To assess whether the linear model is reliable, we need to check for (1) linearity, (2) nearly normal residuals, and (3) constant variability.

Linearity: You already checked if the relationship between runs and at-bats is linear using a scatterplot. We should also verify this condition with a plot of the residuals vs. at-bats. Recall that any code following a # is intended to be a comment that helps understand the code but is ignored by R.

plot(m1$residuals ~ mlb11$at_bats,  col="lightblue", pch=19, cex=2)
abline(h = 0, lty = 3, col="red", lwd=2)  # adds a horizontal dashed line at y = 0
text(m1$residuals~mlb11$at_bats, labels=rownames(mlb11),data=mlb11, cex=0.9, font=2)
title(main="Plot of residual of predicted runs vs. at-bats for MLB teams in 2011")

Is there any apparent pattern in the residuals plot? What does this indicate about the linearity of the relationship between runs and at-bats?

No, there does not appear to be any pattern in the residuals plot.

However, I note that there are more teams “below the line” (i.e., where runs have been over-predicted) vs. teams “above the line” (where teams have “exceeded expectatons”).

Notably, success of team #7 (New York Yankees), for which their residual is so large (176.868, which is 2.66 standard deviations from the expectation) is an outlier which may have imposed unusual influence on the regression. Removal of this data point may provide more reasonable expectations for the other teams.

Using a linear model for the relationship between runs and at-bats may be appropriate.

To check for linearity, we can use the “modelAssumptions” test from the lmSupport package:

require(lmSupport)    ## Note:  the "S" is capitalized in the package name

## Loading required package: lmSupport

## Warning: package 'lmSupport' was built under R version 3.5.3

modelAssumptions(m1,"LINEAR")

## 
## Call:
## lm(formula = runs ~ at_bats, data = mlb11)
## 
## Coefficients:
## (Intercept)      at_bats  
## -2789.24289      0.63055  
## 
## 
## ASSESSMENT OF THE LINEAR MODEL ASSUMPTIONS
## USING THE GLOBAL TEST ON 4 DEGREES-OF-FREEDOM:
## Level of Significance =  0.05 
## 
## Call:
##  gvlma(x = Model) 
## 
##                       Value p-value                Decision
## Global Stat        3.361222 0.49929 Assumptions acceptable.
## Skewness           1.479243 0.22389 Assumptions acceptable.
## Kurtosis           0.079467 0.77802 Assumptions acceptable.
## Link Function      0.508898 0.47562 Assumptions acceptable.
## Heteroscedasticity 1.293614 0.25538 Assumptions acceptable.

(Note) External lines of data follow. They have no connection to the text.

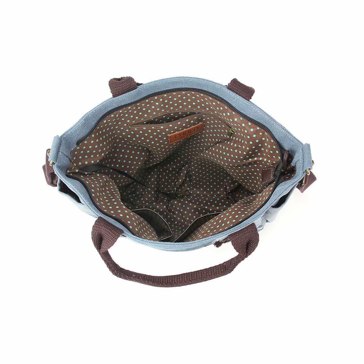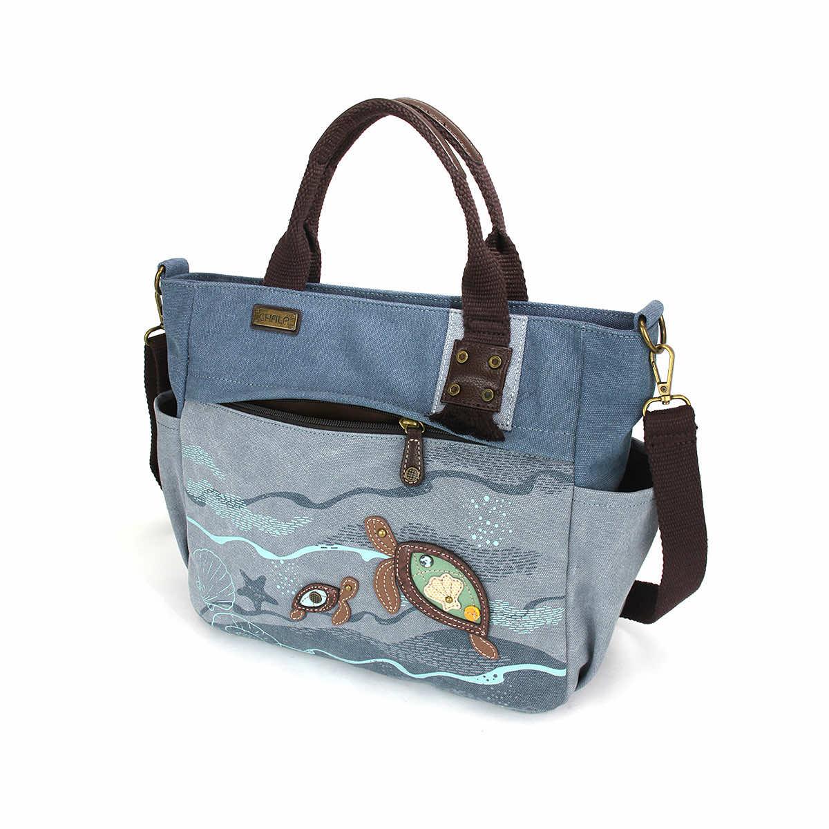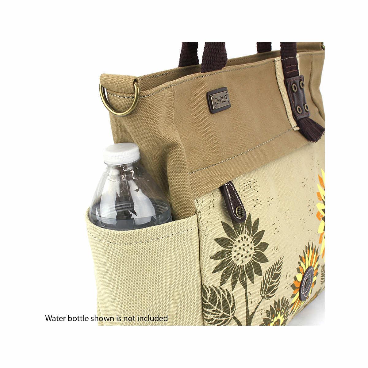 Brighten every outfit and occasion with a roomy bag by your side when you choose the Canvas Print Pocket Tote from Chala Handbags. Made from durable canvas, this tote bag features plenty of pockets for holding your phone, keys, wallet, water bottle, and so much more, as well as zippered pockets for securing those personal items. Load the main compartment with larger items, such as books, tablets, snacks, and so forth, then zip it up and keep all your goods protected from the elements and safely enclosed. Bring along everything you need to conquer the day and stay stylish as you do so.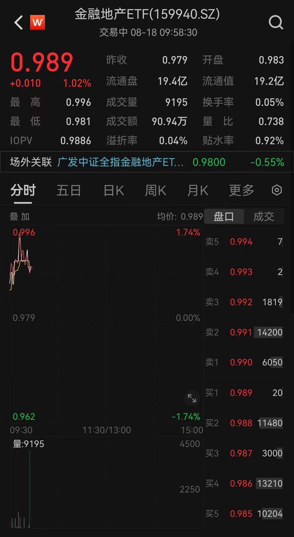 截至09:58,金融地产ETF(159940)早盘快速拉升现涨1.02%,成交额超90.94万元,市场交投活跃,成交金额持续扩大。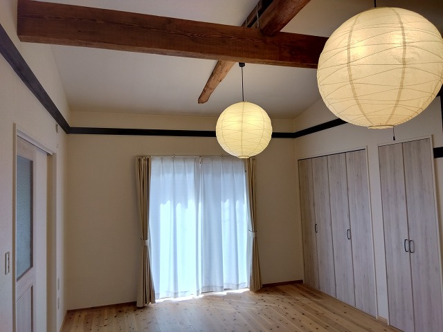 1階洋室12帖 梁と照明がおしゃれ エアコン付です

The test results are consistent with Linearity.

Nearly normal residuals: To check this condition, we can look at a histogram:

hist(m1$residuals)

or a normal probability plot of the residuals:

qqnorm(m1$residuals)
qqline(m1$residuals)  # adds diagonal line to the normal prob plot

Based on the histogram and the normal probability plot, does the nearly normal residuals condition appear to be met?

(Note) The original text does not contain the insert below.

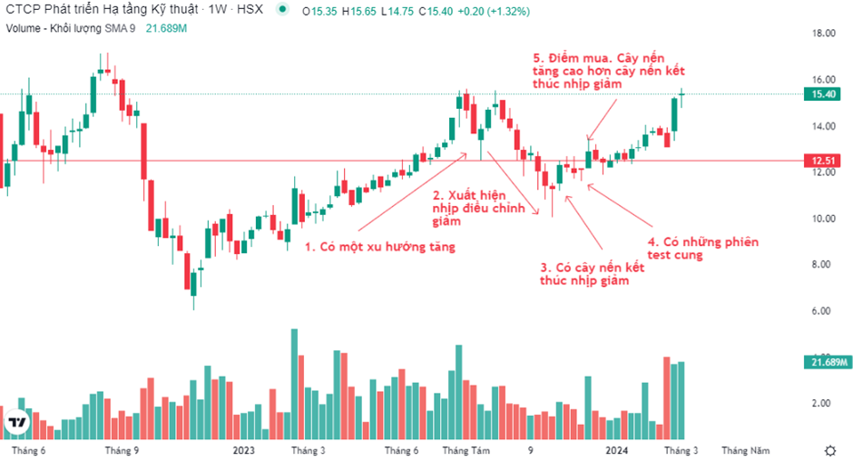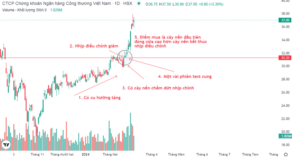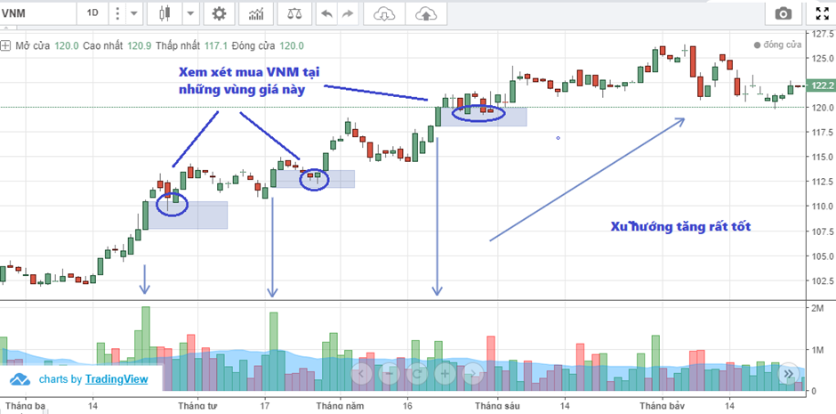 Ngoài cách mua khi Break-out thì mua trong pha Pull Back (nhịp hồi, điều chỉnh,...) thường đạt được lợi nhuận và vị thế tốt hơn nhiều.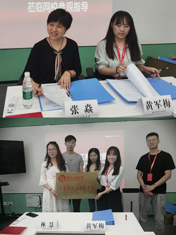 在学而思网校,人力资源阚凌博介绍了集团发展历程、科技理念以及核心岗位、薪资福利、未来展望等。2020届毕业生代表进行了经验分享,她表示在学而思,清晰的职业发展路径、和谐的企业氛围、良好的薪资待遇,让他们热爱工作,也收获成长。在感谢学校的培养的同时,也希望更多学弟学妹加入学而思。该院党委书记冯永伟在听完介绍和分享后赞扬了青年一代年轻有为,也感谢学而思为该院毕业生提供的平台与机会,他希望双方建立长足合作,实现“双赢”发展。会上,双方签订了共建大学生社会实践基地协议、共建高校毕业生就业基地协议,并就大学生社会实践基地进行了挂牌仪式。

The histogram does not appear to be “nearly normal” as the number of observations below zero (18) is greater than the number above zero (12). Likewise, the results on Q-Q-plot indicate that the empirical quantiles are not as close to the normal quantiles as would be expected.

These results would suggest that the “Nearly-normal residuals” condition may not appear to be met. However, it would be better to perform an actual test for normality, such as Shapiro-Wilks:

shapiro.test(m1$residuals)

## 
##  Shapiro-Wilk normality test
## 
## data:  m1$residuals
## W = 0.961442, p-value = 0.33703

Because the p-value is large, we fail to reject the Null Hypothesis, which is that the residuals ARE normal.

Another useful test for normality is Kolmogorov-Smirnov. Here we test whether the residuals are consistent with a Normal distribution with mean 0 and with standard deviation matching that of the residuals:

ks.test(m1$residuals,"pnorm",0,sd(m1$residuals))

## 
##  One-sample Kolmogorov-Smirnov test
## 
## data:  m1$residuals
## D = 0.153934, p-value = 0.43254
## alternative hypothesis: two-sided

Here as well, the large p-value indicates that we fail to reject the null hypothesis, which is that the residuals are normal.

Another useful test of normality is the Anderson Darling test:

require(nortest)

## Loading required package: nortest

ad.test(m1$residuals)

## 
##  Anderson-Darling normality test
## 
## data:  m1$residuals
## A = 0.515229, p-value = 0.17651

Here again, the high p-value indicates that we fail to reject the null hypothesis, which is that the residuals are normal.

Yet another useful test for normality is the Jarque-Bera test:

require(tseries)

## Loading required package: tseries

## Warning: package 'tseries' was built under R version 3.5.3

jarque.bera.test(m1$residuals)

## 
##  Jarque Bera Test
## 
## data:  m1$residuals
## X-squared = 1.55871, df = 2, p-value = 0.4587

Here again, the high p-value indicates that we fail to reject the null hypothesis, which is that the residuals are normal.

Despite the questionable nature of the histogram and the QQ-plot, these numerical tests of the residuals fail to reject normality. This provides evidence that the residuals are normal.

Constant variability:

Based on the plot in (1), does the constant variability condition appear to be met?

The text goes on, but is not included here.